Aim of the task:
All pictures must be dropped, while the entries are given again word for word.

Record extracts:
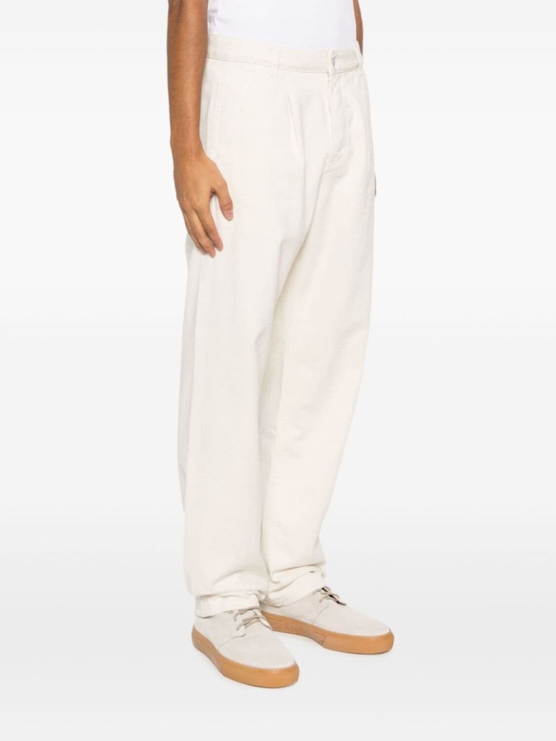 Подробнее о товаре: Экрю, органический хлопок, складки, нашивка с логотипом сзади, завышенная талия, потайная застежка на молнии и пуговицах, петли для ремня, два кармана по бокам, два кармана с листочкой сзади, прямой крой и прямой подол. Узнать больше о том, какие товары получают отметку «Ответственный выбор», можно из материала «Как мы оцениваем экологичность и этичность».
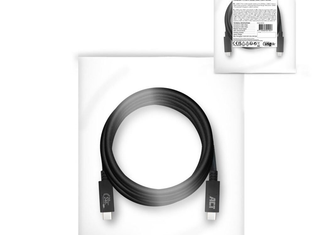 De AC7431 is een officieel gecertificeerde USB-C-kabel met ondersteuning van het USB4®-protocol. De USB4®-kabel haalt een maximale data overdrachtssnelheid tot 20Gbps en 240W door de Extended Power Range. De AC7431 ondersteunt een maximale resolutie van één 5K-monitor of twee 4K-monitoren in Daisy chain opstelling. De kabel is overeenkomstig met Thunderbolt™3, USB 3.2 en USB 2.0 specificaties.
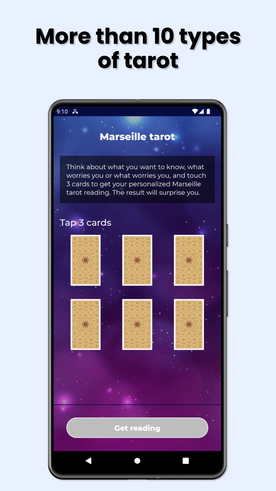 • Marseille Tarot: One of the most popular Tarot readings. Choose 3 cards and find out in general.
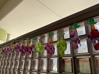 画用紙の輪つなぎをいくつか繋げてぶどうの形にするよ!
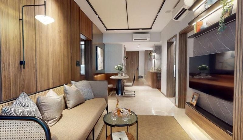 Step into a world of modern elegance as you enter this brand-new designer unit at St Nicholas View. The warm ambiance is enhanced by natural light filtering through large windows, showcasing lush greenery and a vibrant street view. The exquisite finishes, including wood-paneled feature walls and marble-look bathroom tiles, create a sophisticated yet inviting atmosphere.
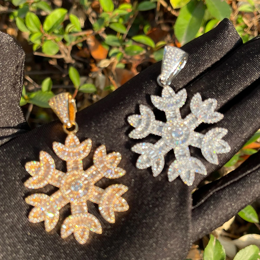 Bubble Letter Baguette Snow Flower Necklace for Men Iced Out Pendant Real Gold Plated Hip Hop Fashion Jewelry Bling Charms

Response to the exercise:
 Подробнее о товаре: Экрю, органический хлопок, складки, нашивка с логотипом сзади, завышенная талия, потайная застежка на молнии и пуговицах, петли для ремня, два кармана по бокам, два кармана с листочкой сзади, прямой крой и прямой подол. Узнать больше о том, какие товары получают отметку «Ответственный выбор», можно из материала «Как мы оцениваем экологичность и этичность».
 De AC7431 is een officieel gecertificeerde USB-C-kabel met ondersteuning van het USB4®-protocol. De USB4®-kabel haalt een maximale data overdrachtssnelheid tot 20Gbps en 240W door de Extended Power Range. De AC7431 ondersteunt een maximale resolutie van één 5K-monitor of twee 4K-monitoren in Daisy chain opstelling. De kabel is overeenkomstig met Thunderbolt™3, USB 3.2 en USB 2.0 specificaties.
 • Marseille Tarot: One of the most popular Tarot readings. Choose 3 cards and find out in general.
 画用紙の輪つなぎをいくつか繋げてぶどうの形にするよ!
 Step into a world of modern elegance as you enter this brand-new designer unit at St Nicholas View. The warm ambiance is enhanced by natural light filtering through large windows, showcasing lush greenery and a vibrant street view. The exquisite finishes, including wood-paneled feature walls and marble-look bathroom tiles, create a sophisticated yet inviting atmosphere.
 Bubble Letter Baguette Snow Flower Necklace for Men Iced Out Pendant Real Gold Plated Hip Hop Fashion Jewelry Bling Charms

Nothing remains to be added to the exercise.